# [WHAT YOU SHOULD DO]
Return exactly the lines below, starting with the one that has "在首頁(yè),點(diǎn" and going on through the one that has "پیراهن مردانه آستین".
[DATA SUPPLIED Boundary: Start]
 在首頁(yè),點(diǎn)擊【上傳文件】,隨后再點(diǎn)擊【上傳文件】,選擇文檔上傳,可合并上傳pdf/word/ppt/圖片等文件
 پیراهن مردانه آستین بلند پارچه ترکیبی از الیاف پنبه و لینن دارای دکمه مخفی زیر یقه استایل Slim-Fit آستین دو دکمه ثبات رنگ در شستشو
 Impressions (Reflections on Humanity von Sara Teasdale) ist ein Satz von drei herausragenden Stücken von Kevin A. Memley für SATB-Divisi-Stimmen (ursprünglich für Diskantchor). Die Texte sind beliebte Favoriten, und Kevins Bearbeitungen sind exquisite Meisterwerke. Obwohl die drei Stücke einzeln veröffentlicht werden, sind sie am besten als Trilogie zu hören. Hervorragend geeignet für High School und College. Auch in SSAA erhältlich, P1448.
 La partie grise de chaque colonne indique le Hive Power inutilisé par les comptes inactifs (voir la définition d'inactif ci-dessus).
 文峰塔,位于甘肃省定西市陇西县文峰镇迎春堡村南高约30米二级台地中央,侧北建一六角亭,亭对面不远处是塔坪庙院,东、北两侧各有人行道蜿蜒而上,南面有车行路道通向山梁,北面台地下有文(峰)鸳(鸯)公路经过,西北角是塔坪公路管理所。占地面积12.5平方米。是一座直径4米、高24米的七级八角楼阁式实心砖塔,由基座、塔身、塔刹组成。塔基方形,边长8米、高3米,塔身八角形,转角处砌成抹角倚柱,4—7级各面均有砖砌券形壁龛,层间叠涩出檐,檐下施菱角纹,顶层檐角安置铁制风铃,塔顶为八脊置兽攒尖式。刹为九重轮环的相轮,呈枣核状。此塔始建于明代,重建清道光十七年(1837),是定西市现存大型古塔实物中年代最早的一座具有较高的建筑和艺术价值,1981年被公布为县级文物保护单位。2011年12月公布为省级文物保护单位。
[DATA SUPPLIED Boundary: End]
[DATA SUPPLIED Boundary: Start]
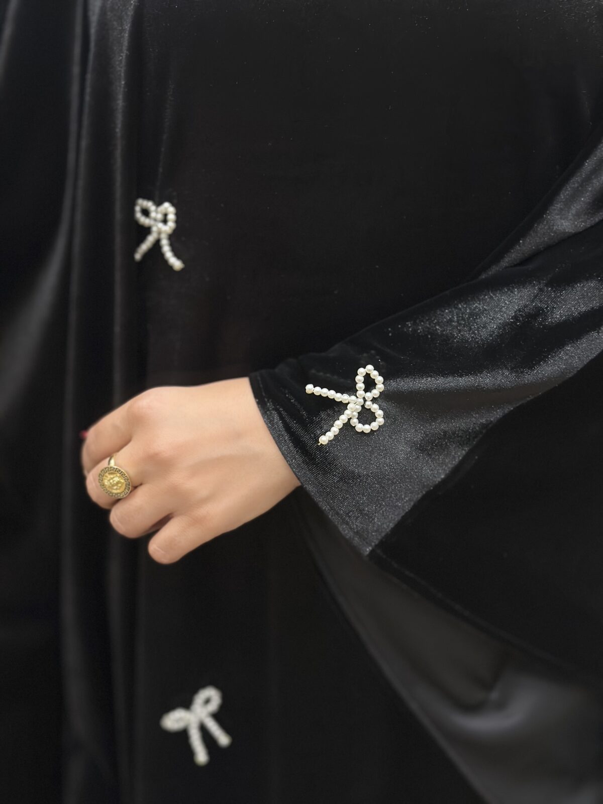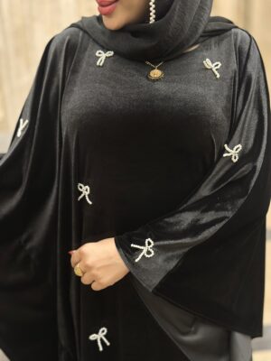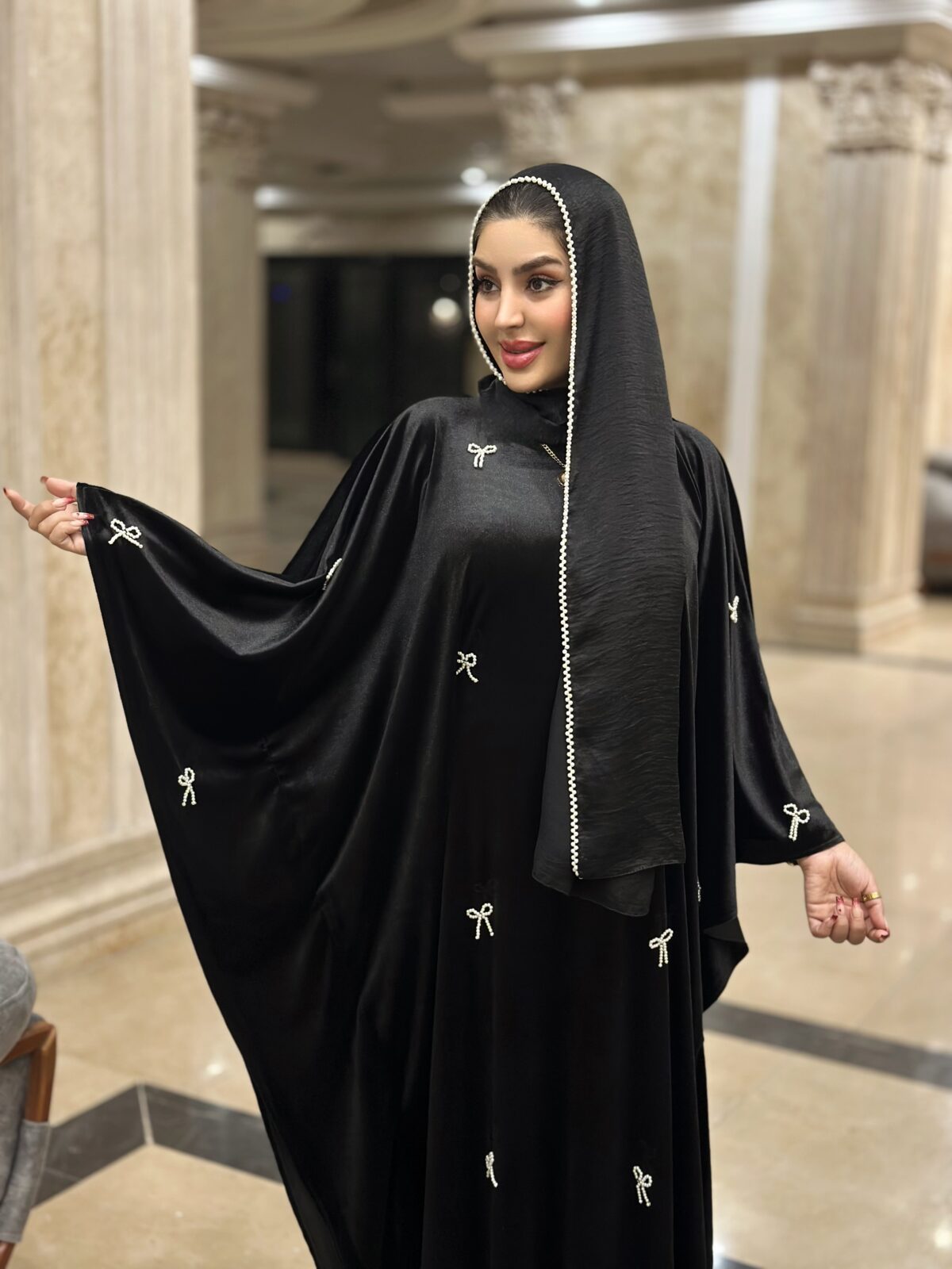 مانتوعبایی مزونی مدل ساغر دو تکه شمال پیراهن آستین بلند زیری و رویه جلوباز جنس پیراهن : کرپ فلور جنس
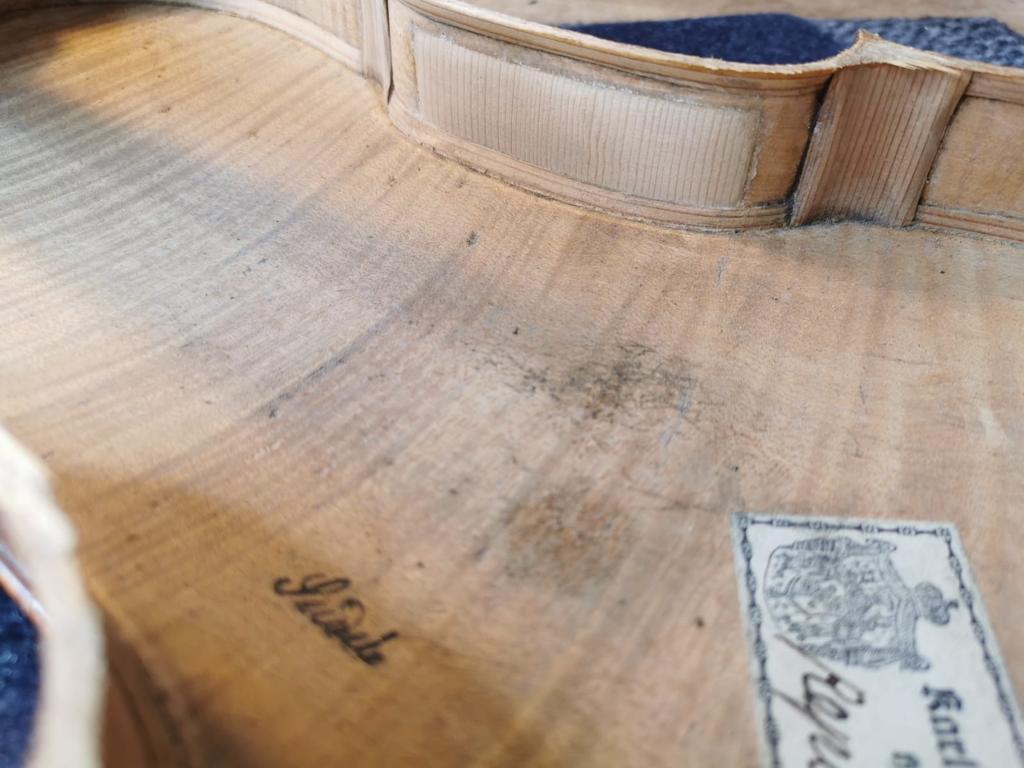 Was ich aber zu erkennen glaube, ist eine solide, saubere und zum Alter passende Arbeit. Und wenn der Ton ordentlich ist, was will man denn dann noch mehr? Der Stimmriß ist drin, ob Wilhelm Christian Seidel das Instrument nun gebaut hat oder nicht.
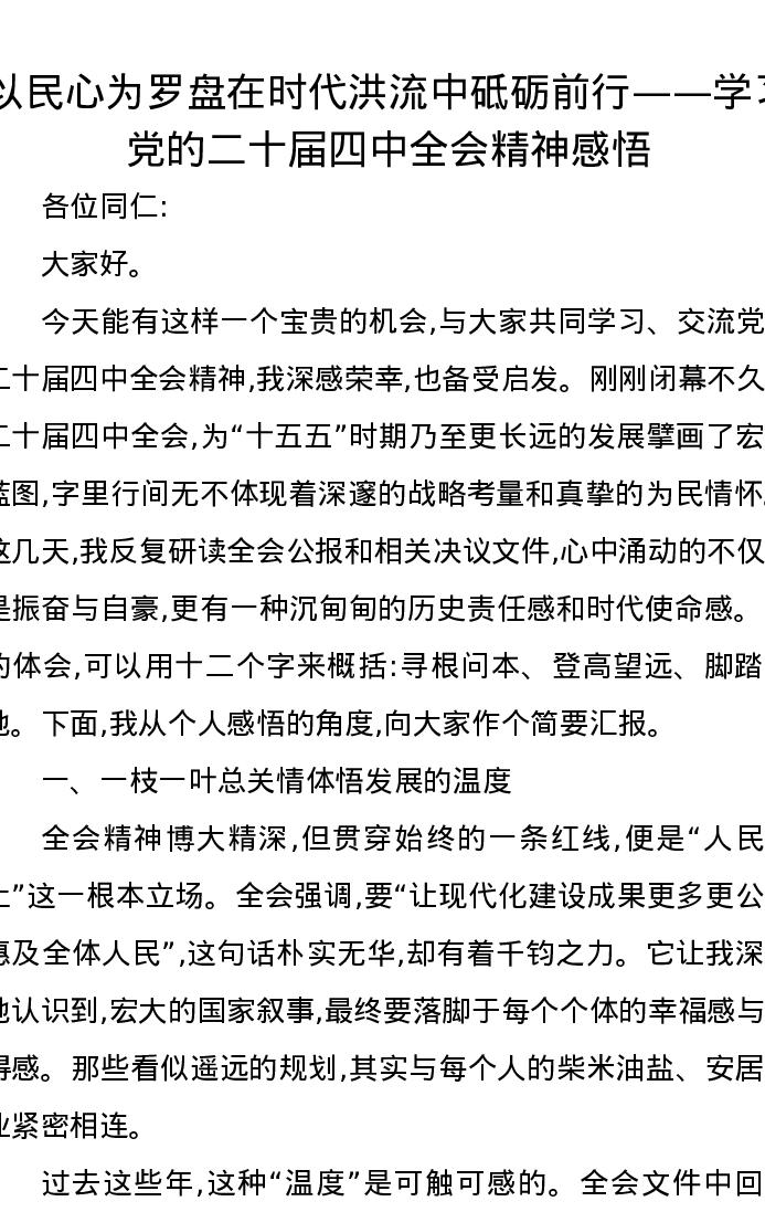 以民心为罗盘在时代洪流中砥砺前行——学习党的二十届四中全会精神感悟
[DATA SUPPLIED Boundary: End]
[DATA SUPPLIED Boundary: Start]
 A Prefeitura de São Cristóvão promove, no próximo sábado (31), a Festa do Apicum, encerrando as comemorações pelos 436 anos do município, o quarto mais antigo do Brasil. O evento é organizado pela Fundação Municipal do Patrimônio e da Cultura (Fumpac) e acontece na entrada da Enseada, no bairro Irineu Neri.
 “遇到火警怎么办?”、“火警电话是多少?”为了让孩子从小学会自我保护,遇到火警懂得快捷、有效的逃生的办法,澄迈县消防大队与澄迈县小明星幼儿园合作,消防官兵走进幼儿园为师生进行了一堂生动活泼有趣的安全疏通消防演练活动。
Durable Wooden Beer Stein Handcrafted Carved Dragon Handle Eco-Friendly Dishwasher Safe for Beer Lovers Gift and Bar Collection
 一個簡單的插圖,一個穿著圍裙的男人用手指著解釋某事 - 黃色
[DATA SUPPLIED Boundary: End]
# [YOUR SOLUTION]
 在首頁(yè),點(diǎn)擊【上傳文件】,隨后再點(diǎn)擊【上傳文件】,選擇文檔上傳,可合并上傳pdf/word/ppt/圖片等文件
 پیراهن مردانه آستین بلند پارچه ترکیبی از الیاف پنبه و لینن دارای دکمه مخفی زیر یقه استایل Slim-Fit آستین دو دکمه ثبات رنگ در شستشو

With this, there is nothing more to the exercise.